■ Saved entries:

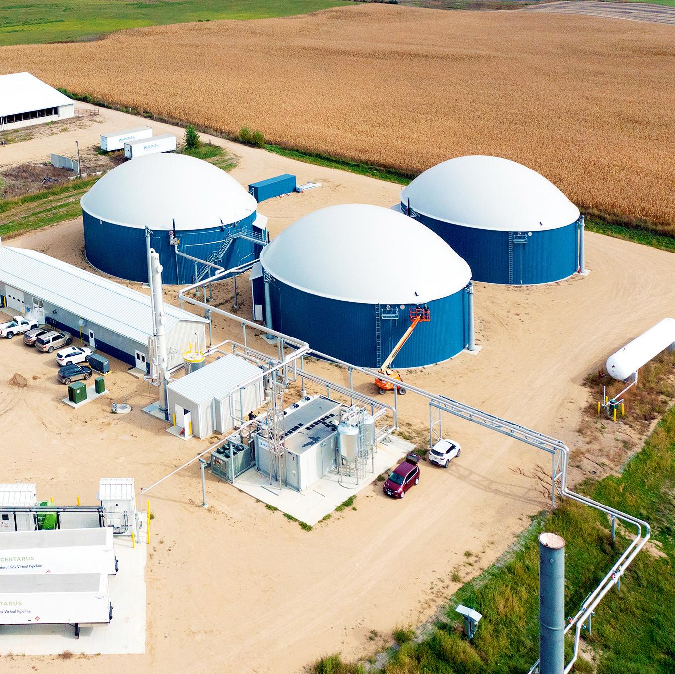 RNG is flowing at the Del Rio Dairy. Clean Energy broke ground on the biogas digester in November 2021, completed construction in February 2023, and stored the RNG produced until regulatory approval in June. Del Rio Dairy is the first low-carbon-intensity RNG project completed by the company.
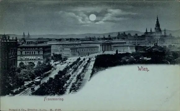 Mondschein Ak Wien 1 Innere Stadt, Franzensring
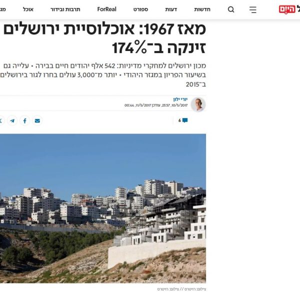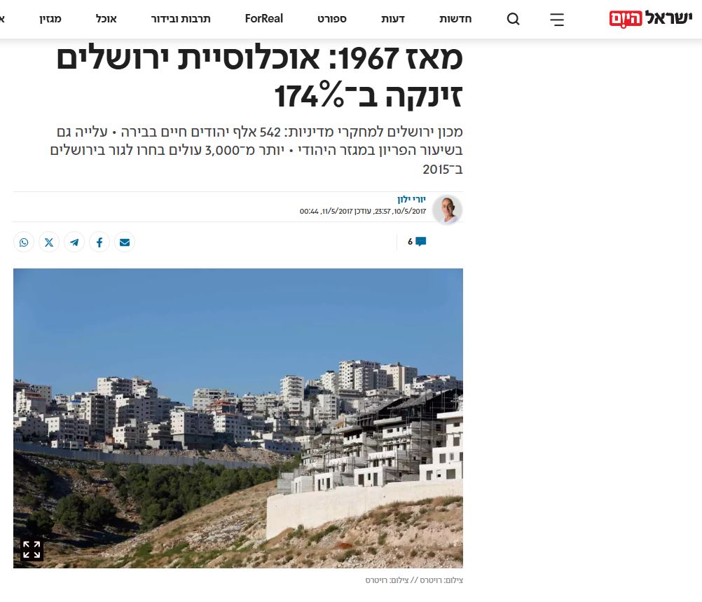 | 2017 | עיתונות | ישראל היום | מאז 1967: אוכלוסיית ירושלים זינקה ב־174% | ארצי |
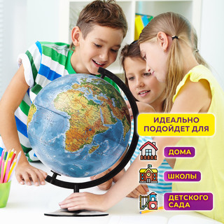 Глобус позволит ознакомиться с физической и политической картой мира. Подходит для использования в детских садах и школах. Поможет узнать об
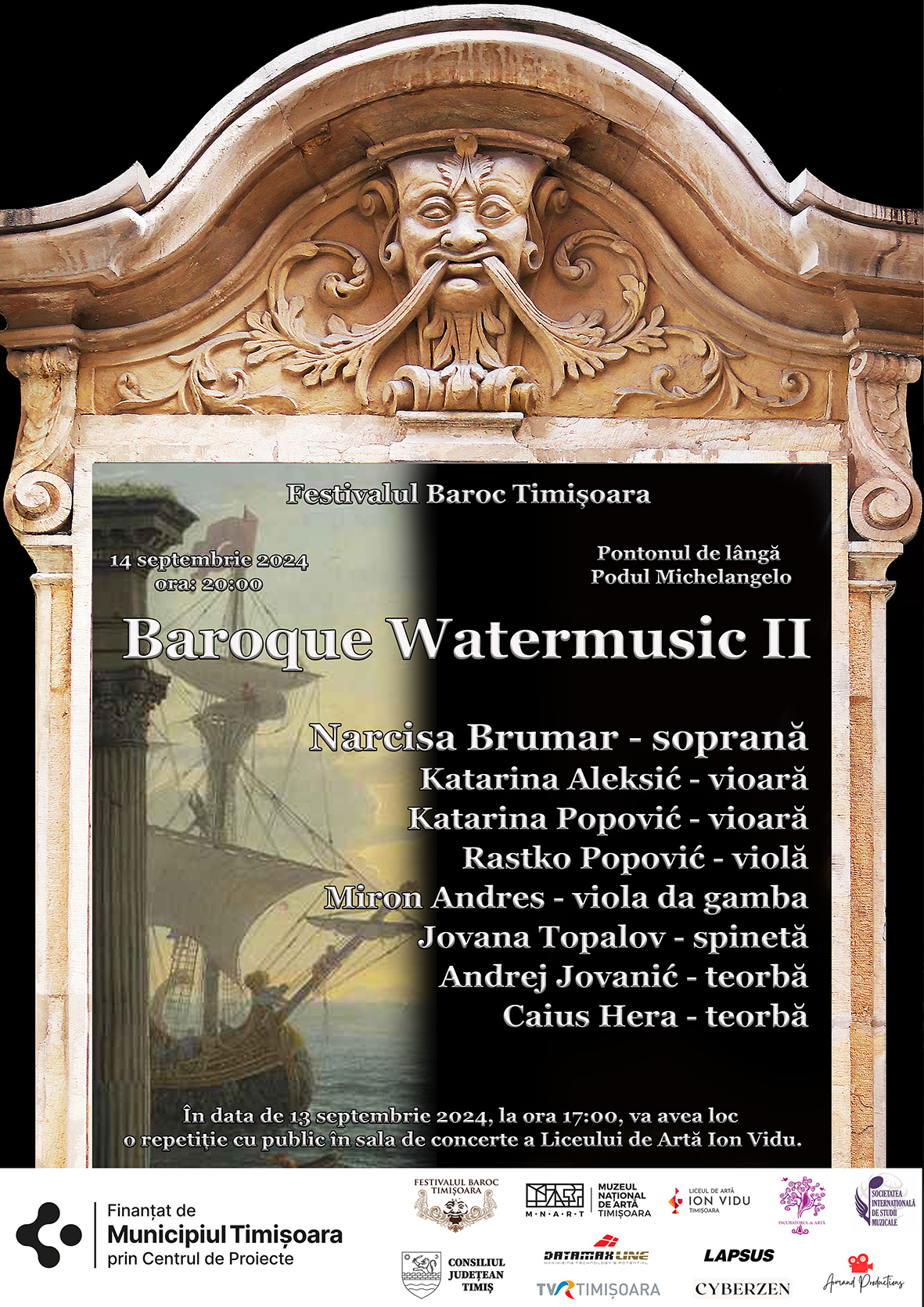 Un nou eveniment din cadrul proiectului Baroque Watermusic II va avea loc sâmbătă, 14 septembrie 2024. De data aceasta, muzicienii vor fi îmbrăcați în costume de epocă și vor interpreta muzică barocă pe instrumente istorice, pe Bega, pe pontonul de lemn de lângă podul Michelangelo, de la ora 20.00. Pontonul va fi amenajat, la rândul lui, în stil Baroc, iar astfel, publicul va putea avea o experiență completă a unui concert baroc, realizat într-o manieră cât se poate de autentică.

■ Exercise details: Reproduce the records above from their first line to the line bearing "Глобус позволит ознакомиться", both ends included, leaving every picture out.

■ Answer to this problem:
 RNG is flowing at the Del Rio Dairy. Clean Energy broke ground on the biogas digester in November 2021, completed construction in February 2023, and stored the RNG produced until regulatory approval in June. Del Rio Dairy is the first low-carbon-intensity RNG project completed by the company.
 Mondschein Ak Wien 1 Innere Stadt, Franzensring
 | 2017 | עיתונות | ישראל היום | מאז 1967: אוכלוסיית ירושלים זינקה ב־174% | ארצי |
 Глобус позволит ознакомиться с физической и политической картой мира. Подходит для использования в детских садах и школах. Поможет узнать об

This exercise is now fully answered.